Na sua coluna no Expresso do fim de semana passado, em artigo fremente de indignação, Miguel Sousa Tavares amarra ao pelourinho da opinião pública Sócrates, Teixeira dos Santos, Alberto João Jardim, Durão Barroso e restantes dirigentes da UE ("os grandes senhores da Europa entregues à sua irrecuperável estupidez"), Merkel, a Troika, António Borges, os grandes escritórios de advogados e o Governo actual — espero ter listado tudo. Relvas, desta vez, escapou, como escaparam Alexandre Soares dos Santos, António José Seguro e o Monstro das Bolachas, sem dúvida por ter acabado o espaço disponível.
MST queixa-se, em resumo, dos desmandos socialistas que nos trouxeram até aqui; da União Europeia que não lidou com a situação da melhor maneira; e da receita austeritária, tanto europeia quanto nacional: "...como é que um pequeno país, como Portugal, experimentou uma receita jamais vista — a de tentar salvar as finanças públicas através da ruína da economia".
Quem descreve problemas em artigos de opinião não tem obrigação de fornecer soluções — um bom diagnóstico já é suficientemente raro para merecer encómios. Mas MST oferece algumas soluções — já lá vamos.
Ocorre que MST é socialista. E proponho que mesmo que Sócrates não fosse, como provavelmente é, venal; mesmo que os contratos das PPPs tivessem sido redigidos de forma equilibrada e não por advogados espertos e políticos estúpidos ou desonestos; ainda que não se tivesse feita obra pública que agora escandaliza pelo esbanjamento e a desnecessidade; se não tivesse sido nacionalizado o BPN; e se os erros cometidos não o tivessem sido por tantos incompetentes, mas sim por muitos mais inocentes - o resultado não teria sido muito diferente.
É que o equilíbrio das contas do Estado nunca foi, depois do 25 de Abril, nada que o establishment respeitasse. E não é, mesmo agora, nada que a Esquerda aprecie. E assim, o dizer que o mal não está na despesa excessiva mas sim nesta despesa excessiva é o que se diz sempre que o resultado é o desastre: Ah, que se estes incontáveis biliões tivessem sido gastos em educação, e em saúde, e em formação profissional, e na Cultura, e fossem administrados por gente séria, que diferente seria!

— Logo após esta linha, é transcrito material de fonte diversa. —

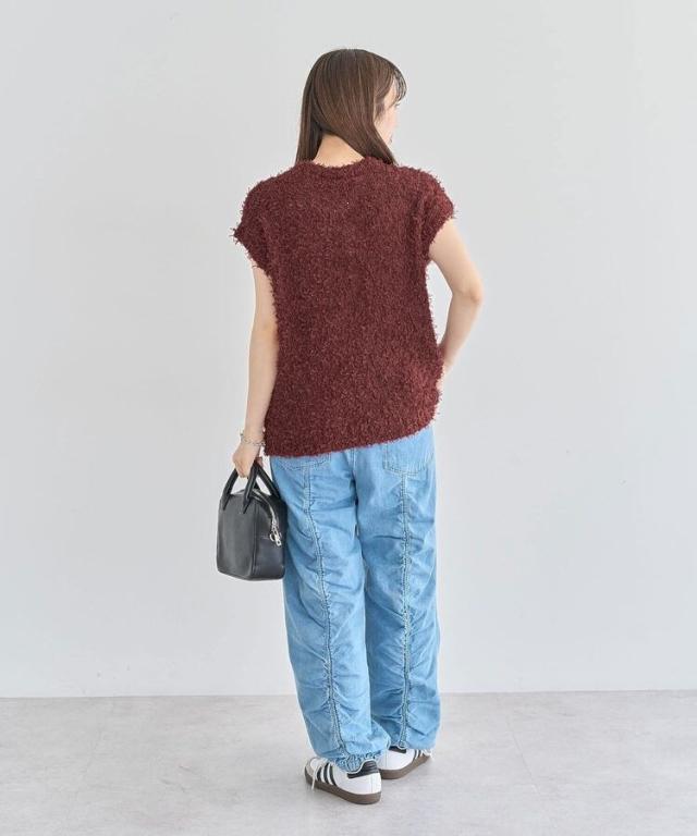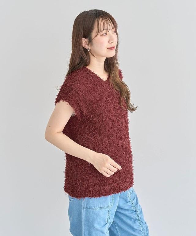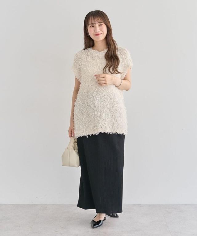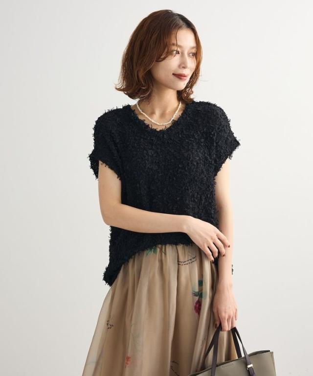 ふんわりと表情感のあるチュールヤーンで仕立てたニットプルオーバー。ゆったりとワイドなシルエットにフレンチスリーブと腰回りが隠れる丈感で自然な体型カバーを叶えます。ローゲージ編みの程よい透け感が暑さの残る季節にも軽やかに演出。一枚ではもちろん、合わせるアイテム次第でロングシーズン楽しめるおすすめのアイテムです。透け感[ややあり]
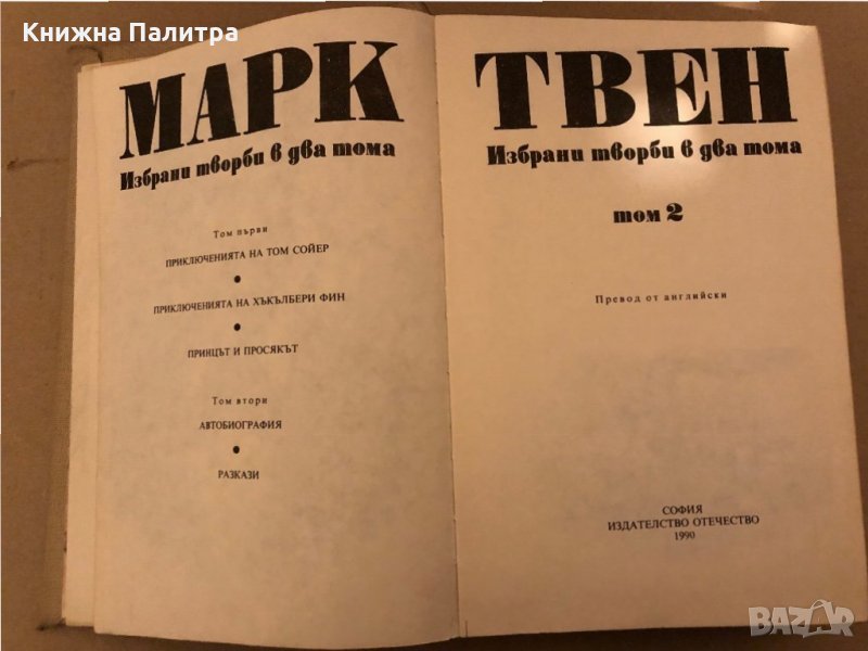 Избрани творби в два тома. Том 1 -Том 2 Марк Твен → Обява 35939517
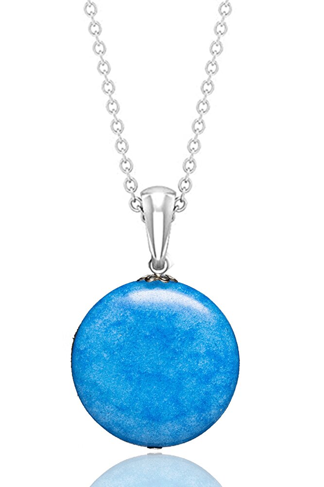 Sertifikalı Mavi Akik Taşı Kolye - 1.kalite

Não seria diferente — seria muito parecido. A menos que tivéssemos moeda própria, caso em que o valor dela reflectiria pela desvalorização os delírios dirigistas e intervencionistas dos governantes que temos escolhido, servindo de aviso e, em parte, de correcção.
MST não vê isto. E imagina que com outro pessoal (quem? Seguro pelos vistos não serve) há alternativa à austeridade.
Não tivemos direito a uma ideia-força do que poderia ser este programa alternativo, mas a algumas ideias parciais: i) O programa de renegociação das PPPs não está mal, embora pareça ignorar a contemplação dos interesses estrangeiros que estão presentes e cuja ofensa poderia ser um tiro nos pés; ii) Obrigar "os bancos a aplicarem todo o dinheiro que vão buscar ao BCE a 1% de juros no financiamento da economia e das empresas viáveis e não em autocapitalização, para taparem os buracos dos negócios de favor e de influência que andaram a financiar aos grupos amigos", soa muitíssimo bem. Excepto pelo pormenor de os fazer falir, obrigando à sua nacionalização; iii) "Todas as empresas de construção civil, que estão paradas por falta de obras e a despedir às dezenas de milhares, se possam dedicar à recuperação e remodelação do património urbano, público ou privado, pagando 0% de IRC nessas obras". Excelente ideia, embora os privados não estejam a dar sinais de, mesmo com desconto, estarem interessados nas obras que MST estima altamente desejáveis, e o Estado não ter dinheiro para financiar as suas; iv) "Proíbam as privatizações feitas segundo o modelo em moda, que consiste em privatizar a parte das empresas que dá lucro e deixar as 'imparidades' a cargo do Estado." Realmente...eu iria mais longe, não privatizando empresas sem garantias de não estar a criar monopólios privados. Embora, tirando o BPN, uma bota rota e podre que era preciso descalçar, não esteja ao corrente da existência de outra empresa em que o Estado tivesse ficado com as imparidades.
"A próxima vez que o careca, o etíope e o alemão cá vierem, estou disponível para tomar um cafezinho com eles no Ritz. Pago eu, porque não tenho dinheiro para os juros que eles cobram se lhes ficar a dever."
Ora, Miguel, pode confiar, eles sabem que é de boas contas. Mas duvidam que o nosso País também seja. E por isso, 4,5%, com a inflação como está, nem parece um número muito impressionante. Eu a si emprestava-lhe a 2% — ao País nem aos 4,5%.